═════ Given data

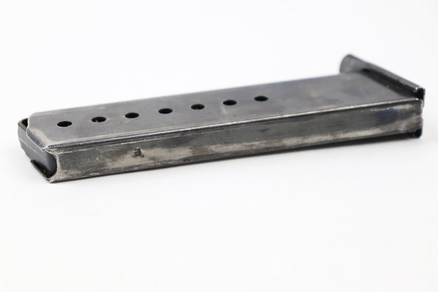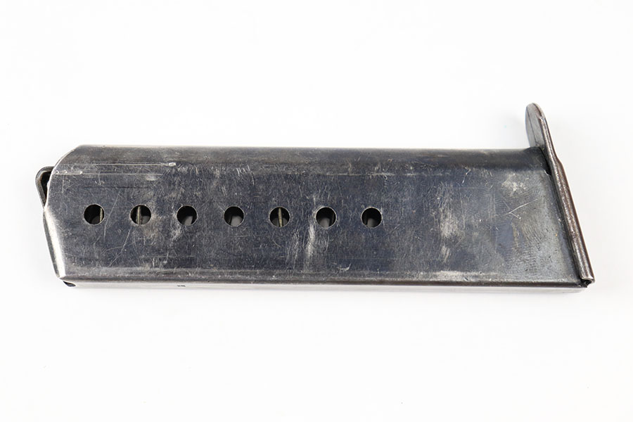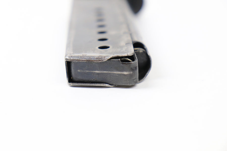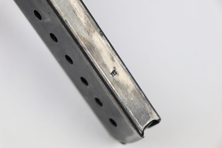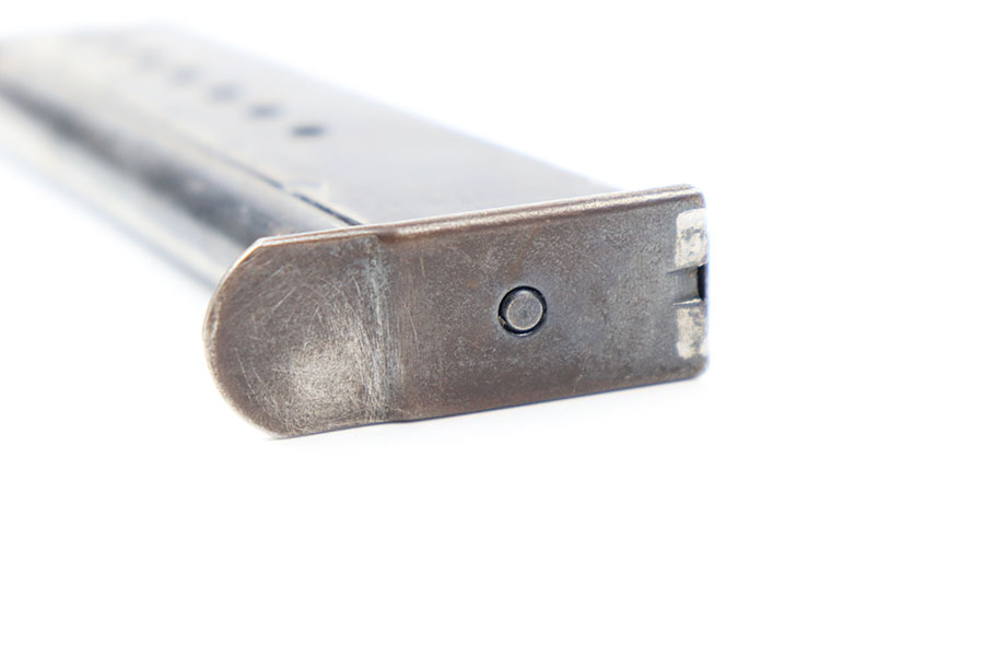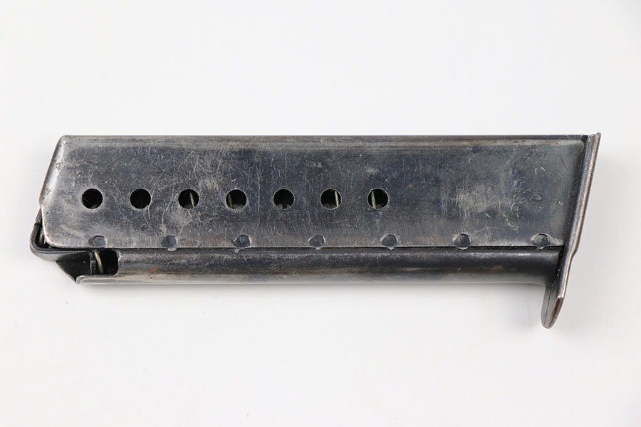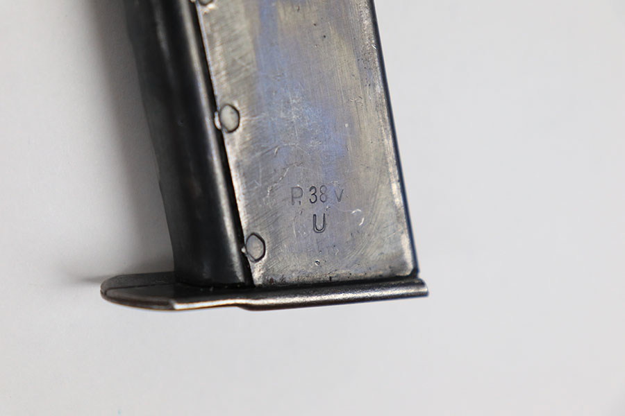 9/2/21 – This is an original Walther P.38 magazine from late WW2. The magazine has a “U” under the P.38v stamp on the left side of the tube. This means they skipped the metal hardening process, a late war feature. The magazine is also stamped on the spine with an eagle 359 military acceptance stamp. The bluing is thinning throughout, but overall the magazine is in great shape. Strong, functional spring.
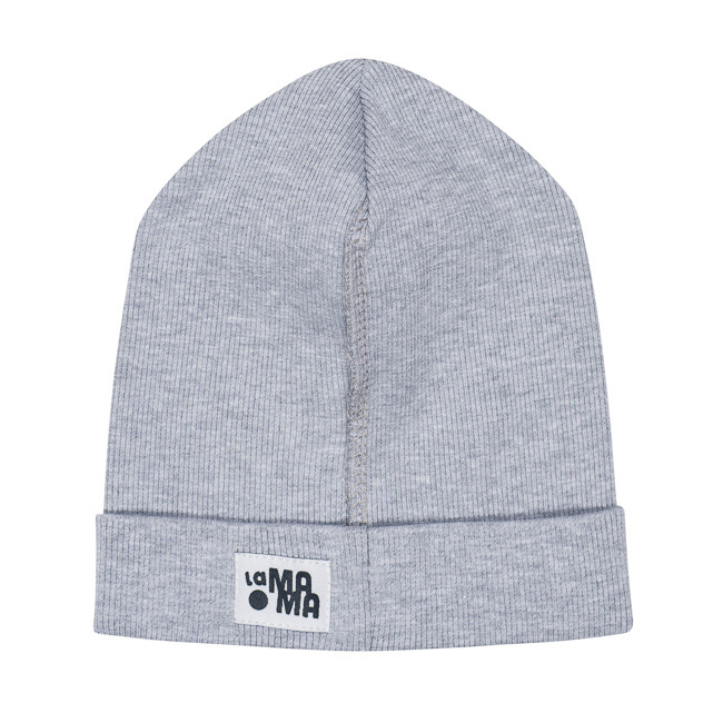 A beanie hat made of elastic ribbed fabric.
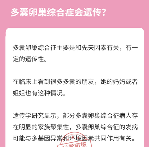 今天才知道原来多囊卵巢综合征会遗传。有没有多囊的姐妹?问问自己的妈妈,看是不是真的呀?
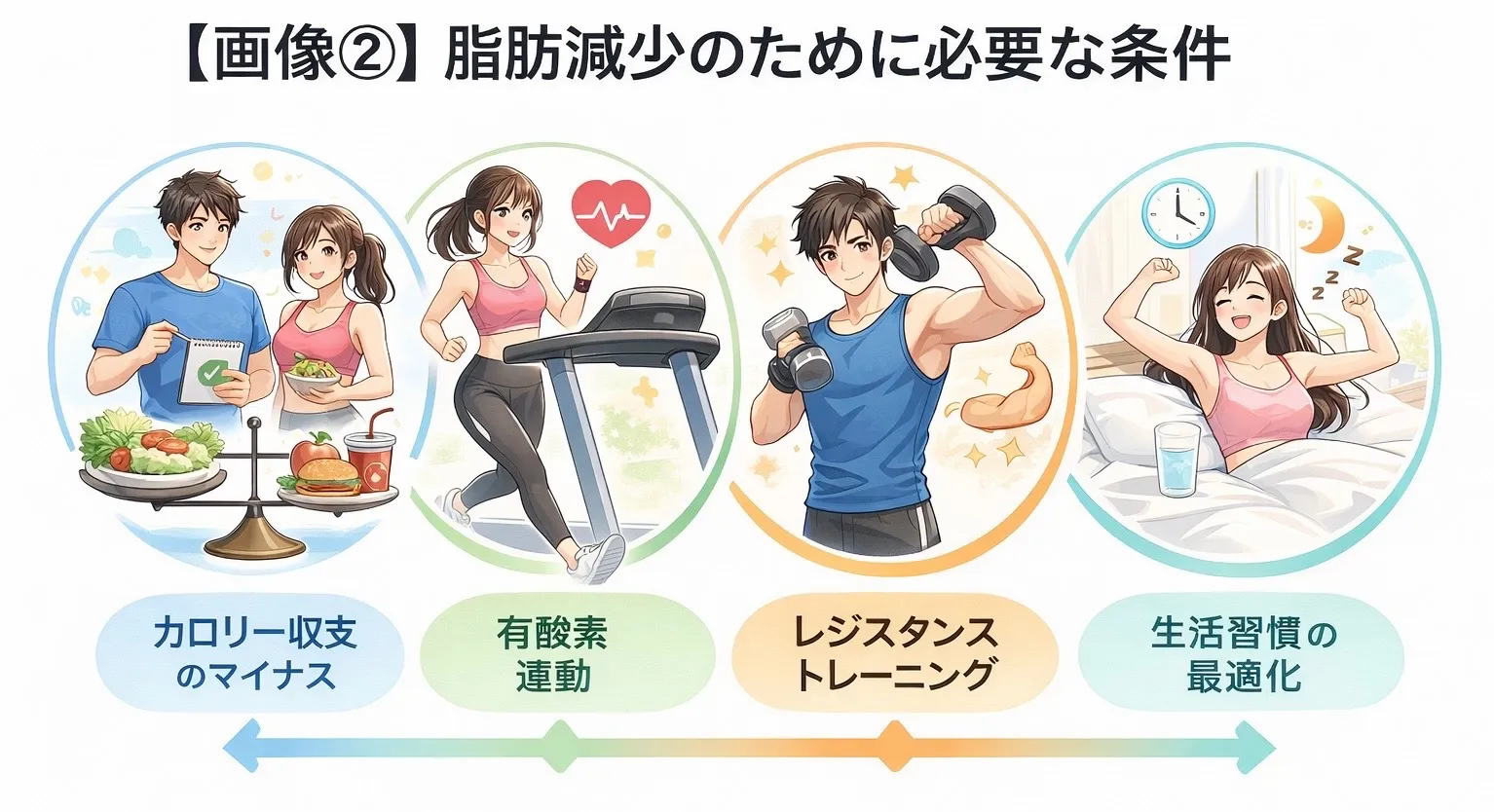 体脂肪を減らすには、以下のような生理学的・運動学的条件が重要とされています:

══════════
═════ Given data

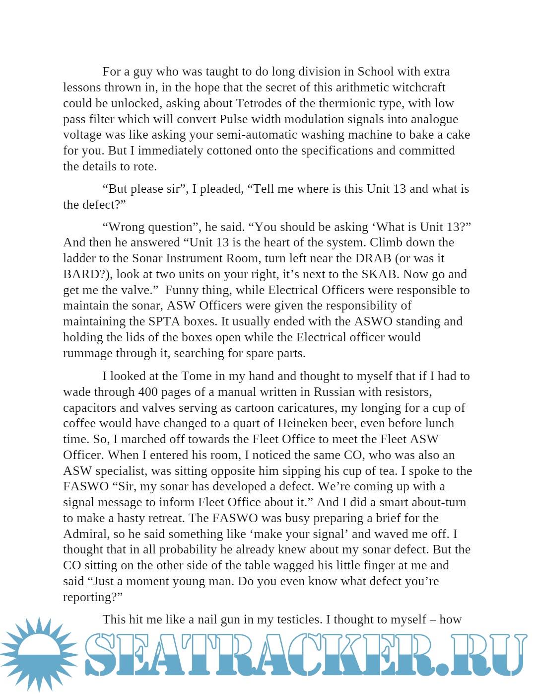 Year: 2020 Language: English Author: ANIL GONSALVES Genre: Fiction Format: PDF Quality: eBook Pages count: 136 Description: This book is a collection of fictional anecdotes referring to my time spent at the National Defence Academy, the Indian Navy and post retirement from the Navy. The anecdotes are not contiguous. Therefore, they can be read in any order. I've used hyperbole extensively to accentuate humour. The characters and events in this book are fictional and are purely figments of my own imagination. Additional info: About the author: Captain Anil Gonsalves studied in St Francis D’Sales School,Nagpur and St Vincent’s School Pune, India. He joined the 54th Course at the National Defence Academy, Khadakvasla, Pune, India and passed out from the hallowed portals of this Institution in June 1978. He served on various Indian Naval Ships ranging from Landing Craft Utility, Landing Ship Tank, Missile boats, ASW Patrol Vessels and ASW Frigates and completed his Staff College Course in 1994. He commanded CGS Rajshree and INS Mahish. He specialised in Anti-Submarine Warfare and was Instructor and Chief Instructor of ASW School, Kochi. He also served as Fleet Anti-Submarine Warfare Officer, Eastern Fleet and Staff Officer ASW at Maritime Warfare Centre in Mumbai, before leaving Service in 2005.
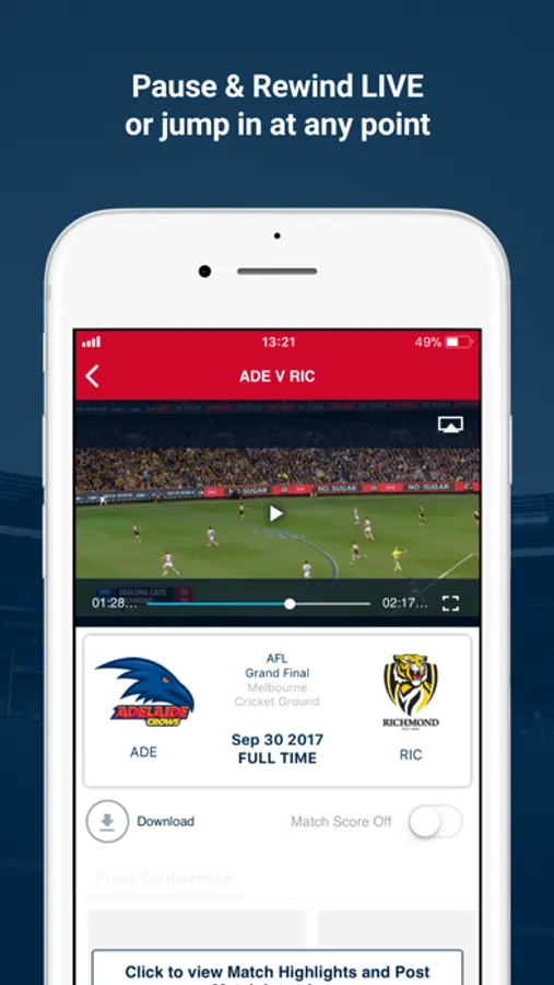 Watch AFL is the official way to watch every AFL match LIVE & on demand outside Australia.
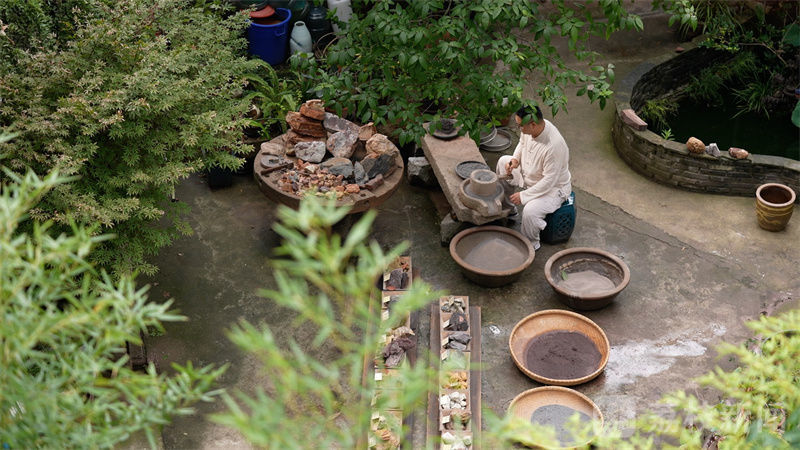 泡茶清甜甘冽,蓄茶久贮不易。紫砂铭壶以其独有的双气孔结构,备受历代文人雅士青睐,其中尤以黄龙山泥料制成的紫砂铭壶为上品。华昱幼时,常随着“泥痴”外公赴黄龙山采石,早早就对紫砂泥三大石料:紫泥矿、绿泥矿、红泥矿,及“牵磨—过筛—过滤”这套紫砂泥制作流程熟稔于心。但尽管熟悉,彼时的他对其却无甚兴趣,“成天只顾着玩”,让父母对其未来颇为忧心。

══════════

Work to be completed >>
The answer is the lines of the material above, from the one containing "9/2/21 – This" down to the one containing "A beanie hat made of elastic ribbed fabric.", given exactly and without images.

Task answer >>
 9/2/21 – This is an original Walther P.38 magazine from late WW2. The magazine has a “U” under the P.38v stamp on the left side of the tube. This means they skipped the metal hardening process, a late war feature. The magazine is also stamped on the spine with an eagle 359 military acceptance stamp. The bluing is thinning throughout, but overall the magazine is in great shape. Strong, functional spring.
 A beanie hat made of elastic ribbed fabric.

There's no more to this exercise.